En juin 2009, un Airbus A330 d’Air France s’abîmait au large du Brésil avec 228 personnes à bord. Le repêchage début mai des boîtes noires a redonné l’espoir de pouvoir expliquer cet accident et le BEA, chargé de l’enquête technique, a promis un premier rapport cet été.

Mais, selon Robert Soulas, le secrétaire d’Etat aux Transports, Thierry Mariani, a justement déclaré jeudi que le rapport final devait être “prêt pour le salon du Bourget”.

Le salon du Bourget, grand-messe du secteur aéronautique, se tiendra fin juin aux portes de Paris.

Airbus a, dans la foulée, réfuté tout lien entre le calendrier de l’enquête et le salon aéronautique, où il doit annoncer de nombreuses commandes d’avions.

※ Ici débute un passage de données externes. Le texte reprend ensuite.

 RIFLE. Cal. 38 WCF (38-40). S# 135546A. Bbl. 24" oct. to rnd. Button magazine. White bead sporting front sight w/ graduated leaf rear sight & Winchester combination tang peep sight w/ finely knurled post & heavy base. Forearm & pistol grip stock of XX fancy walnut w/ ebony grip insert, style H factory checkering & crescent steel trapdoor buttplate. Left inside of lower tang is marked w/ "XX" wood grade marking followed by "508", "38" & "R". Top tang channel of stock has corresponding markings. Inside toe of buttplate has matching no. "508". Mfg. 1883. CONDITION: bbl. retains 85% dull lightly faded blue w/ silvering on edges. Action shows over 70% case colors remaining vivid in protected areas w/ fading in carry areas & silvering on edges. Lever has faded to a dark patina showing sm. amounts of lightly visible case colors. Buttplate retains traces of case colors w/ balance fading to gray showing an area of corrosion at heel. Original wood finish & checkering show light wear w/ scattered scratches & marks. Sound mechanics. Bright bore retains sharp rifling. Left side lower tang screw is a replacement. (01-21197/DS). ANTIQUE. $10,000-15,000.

“Le salon du Bourget n’est pas une date butoir pour Airbus et nous attendons patiemment les résultats du BEA”, se défend l’avionneur européen.

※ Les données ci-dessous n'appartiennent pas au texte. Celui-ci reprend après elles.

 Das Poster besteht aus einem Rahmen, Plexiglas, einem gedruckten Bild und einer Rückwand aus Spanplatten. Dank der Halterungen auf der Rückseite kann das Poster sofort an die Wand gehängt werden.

Lundi, des médias rapportaient qu’Airbus était mis en hors de cause, informations qui ont suscité l’ire de tous les acteurs, en premier chef des enquêteurs.

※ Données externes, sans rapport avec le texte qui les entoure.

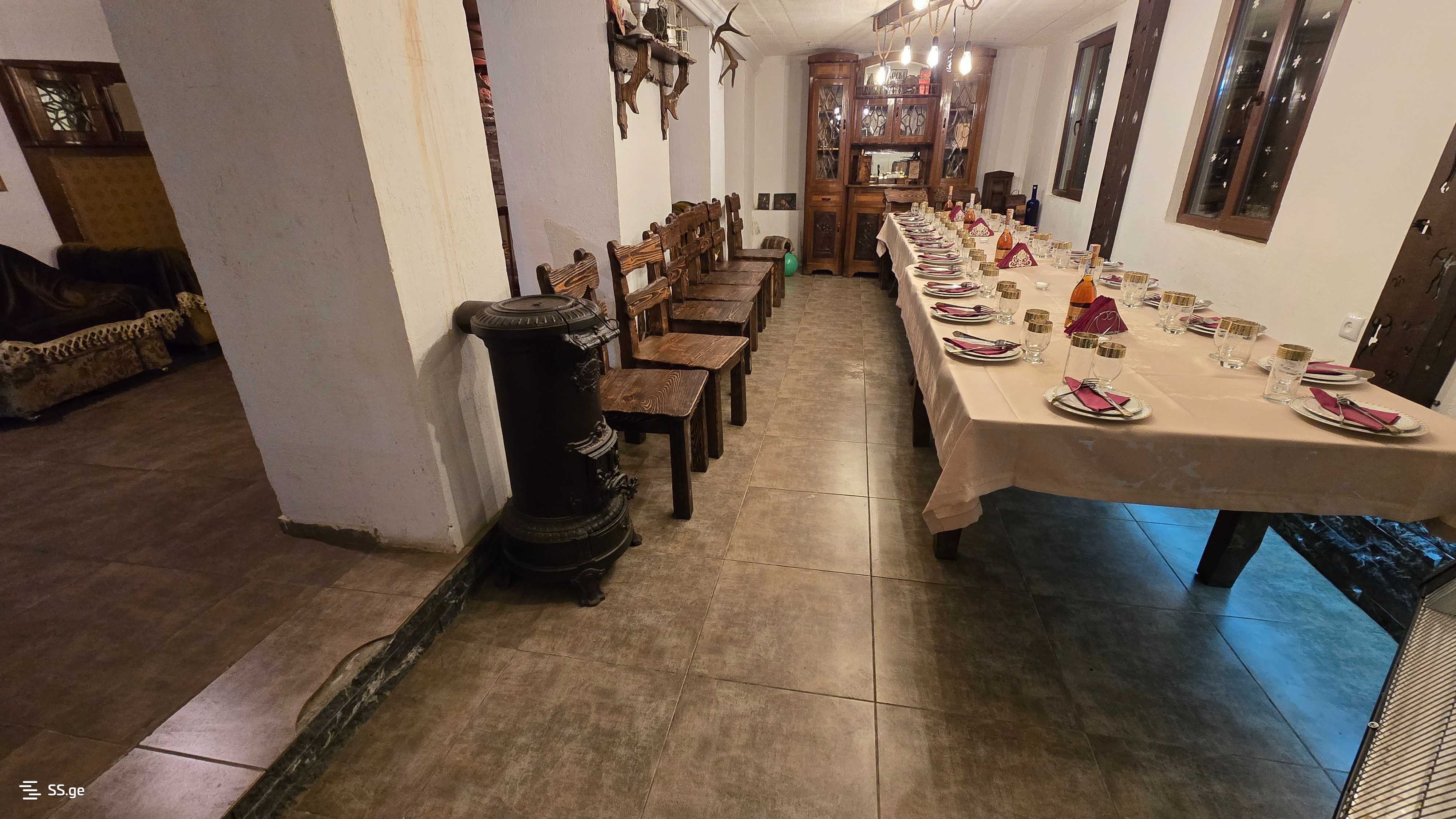 შიდა სივრცეში მაგიდა სკამები 25 ადამიანზეა

“Sacrifier au sensationnalisme en publiant des informations non validées alors que l’exploitation des données des enregistreurs de vol ne fait que commencer (…) jette le trouble”, écrivait le BEA mardi.

Mercredi, le directeur de l’enquête expliquait qu’après une première lecture des boîtes noires, aucun “dysfonctionnement majeur” de l’avion n’a été mis en évidence.

Mais cela ne préjuge pour l’instant en rien des conclusions, soulignent les enquêteurs.

Jeudi, une autre source proche du dossier expliquait que l’équipage d’Air France avait “réussi à contourner le nuage” orageux, tout comme les autres avions qui évoluaient dans cette région au même moment.

Autrement dit: l’équipage a pris la bonne décision. Alors qui d’Airbus ou d’Air France est responsable ?

La question agite les esprits mais, comme le rappellent tous les acteurs de cette affaire, ce débat est prématuré.

“On conçoit que le BEA doive travailler sereinement de manière à fournir des informations tangibles et non pas sous la pression pour faire plaisir à Pierre ou à Paul”, plaide Robert Soulas au nom des proches de victimes.

Le BEA a assuré qu’il pourra faire toute la lumière sur cet accident grâce à l’analyse des boîtes noires. Mais ce n’est pas à lui de désigner des responsables, c’est à la justice de le faire. Air France et Airbus sont mis en examen pour homicides involontaires dans ce dossier.

Si l’enquête concluait à la défaillance de l’appareil d’Airbus ou à une erreur commise par Air France, le préjudice serait lourd en terme d’image pour l’un ou l’autre.

Mais les enjeux économiques ne sont pas déterminants, martèlent les intéressés. Les préjudices pour les entreprises seront couverts par les assurances.

Et s’agissant d’un éventuel impact sur l’activité économique, ils réfutent de concert. Air France doit d’ailleurs annoncer prochainement une méga-commande d’avions long-courriers et assure que l’enquête de l’AF447 ne déterminera pas son choix entre les appareils d’Airbus et ceux de l’américain Boeing.